The shape and global behavior of physical systems arising in classical mechanics, a purview of the field of symplectic geometry, is known to be largely determined by the appearance and quantity of certain area-minimizing surfaces known as pseudoholomorphic curves. This research project aims to further develop systematic rules for understanding and counting such pseudoholomorphic curves in a large class of physical systems, by establishing formulae reducing the study of area-minimizing surfaces of different shapes (spheres, surfaces with many holes, etc.) to the study of a simpler type of area-minimizing surfaces (disks), and subsequently by understanding the degree to which such latter counts (of disks) can be assembled from a decomposition of the physical system into elementary pieces. Applications will be studied to mirror symmetry, a far-reaching geometric duality first discovered in string theory involving (on one side) counts of such curves. The educational component of the project aims to create a series of online virtual research activities in symplectic geometry and related areas, including organization of a virtual seminar (ongoing), workshops, and mini-courses. The PI will also train and encourage mathematics students through traditional workshops, new course and seminar content, undergraduate and graduate advising, and outreach to K-12 students through science fairs.

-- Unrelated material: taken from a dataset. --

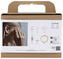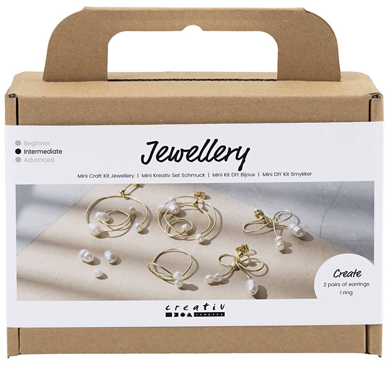 Zawartość: koraliki imitujące perły w 3 rozmiarach, 1,5 m sztywnego drutu jubilerskiego, 4 sztyfty z kulką, klej uniwersalny, instrukcja obrazkowa krok po kroku oraz szablon.

The long term research project funded by this award is to establish and further develop systematic frameworks for computing invariants in symplectic geometry and mirror symmetry coming from pseudoholomorphic curve theory. In one direction, it aims to develop and apply new structural results such as local-to-global principles to simplify the study of Fukaya categories of closed symplectic manifolds, with applications to homological mirror symmetry. In another, the project aims to further elucidate the relationship between Gromov-Witten invariants and the Fukaya category, with applications to enumerative mirror symmetry. The third and final direction is to study and further explain the appearance and coincidences of certain integral lattices in mirror symmetry. Many of the latter invariants can be packed into the notion of a non-commutative Hodge structure, giving a useful framework for the proposed work.
This award reflects NSF's statutory mission and has been deemed worthy of support through evaluation using the Foundation's intellectual merit and broader impacts review criteria.